“Why, my Phœbe, o’ course. My wife Phœbe. Who do yuh s’pose? Ain’t she here now?”

“Lawsy me!” exclaimed Mrs. Race, opening her mouth. “Yuh pore man! So you’re clean out’n your mind now. Yuh come right in and sit down. I’ll git yuh a cup o’ coffee. O’ course your wife ain’t here; but yuh come in an’ sit down. I’ll find her fer yuh after a while. I know where she is.”

The old farmer’s eyes softened, and he entered. He was so thin and pale a specimen, pantalooned and patriarchal, that he aroused Mrs. Race’s extremest sympathy as he took off his hat and laid it on his knees quite softly and mildly.

“We had a quarrel last night, an’ she left me,” he volunteered.

“Laws! laws!” sighed Mrs. Race, there being no one present with whom to share her astonishment as she went to her kitchen. “The pore man! Now somebody’s just got to look after him. He can’t be allowed to run around the country this way lookin’ for his dead wife. It’s turrible.”

She boiled him a pot of coffee and brought in some of her new-baked bread and fresh butter. She set out some of her best jam and put a couple of eggs to boil, lying whole-heartedly the while.

“Now yuh stay right there, Uncle Henry, till Jake comes in, an’ I’ll send him to look for Phœbe. I think it’s more’n likely she’s over to Swinnerton with some o’ her friends. Anyhow, we’ll find out. Now yuh just drink this coffee an’ eat this bread. Yuh must be tired. Yuh’ve had a long walk this mornin’.” Her idea was to take counsel with Jake, “her man,” and perhaps have him notify the authorities.

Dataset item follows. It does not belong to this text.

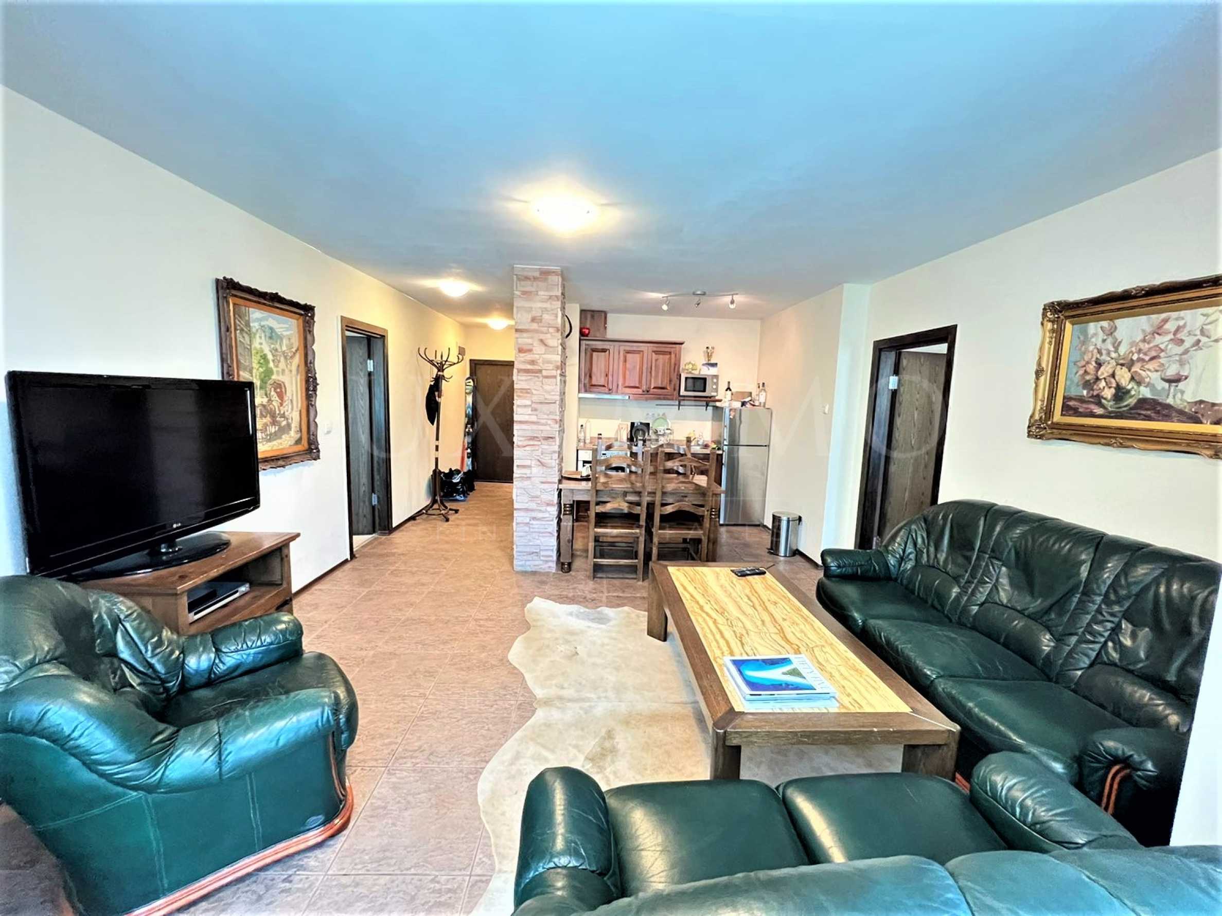 Luxuriously furnished three-room apartment with two bathrooms for sale in a residential building meters from the ski lift in Bansko.

She bustled about, meditating on the uncertainties of life, while old Reifsneider thrummed on the rim of his hat with his pale fingers and later ate abstractedly of what she offered. His mind was on his wife, however, and since she was not here, or did not appear, it wandered vaguely away to a family by the name of Murray, miles away in another direction. He decided after a time that he would not wait for Jake Race to hunt his wife but would seek her for himself. He must be on, and urge her to come back.

“Well, I’ll be goin’,” he said, getting up and looking strangely about him. “I guess she didn’t come here after all. She went over to the Murrays’, I guess. I’ll not wait any longer, Mis’ Race. There’s a lot to do over to the house to-day.” And out he marched in the face of her protests taking to the dusty road again in the warm spring sun, his cane striking the earth as he went.

It was two hours later that this pale figure of a man appeared in the Murrays’ doorway, dusty, perspiring, eager. He had tramped all of five miles, and it was noon. An amazed husband and wife of sixty heard his strange query, and realized also that he was mad. They begged him to stay to dinner, intending to notify the authorities later and see what could be done; but though he stayed to partake of a little something, he did not stay long, and was off again to another distant farmhouse, his idea of many things to do and his need of Phœbe impelling him. So it went for that day and the next and the next, the circle of his inquiry ever widening.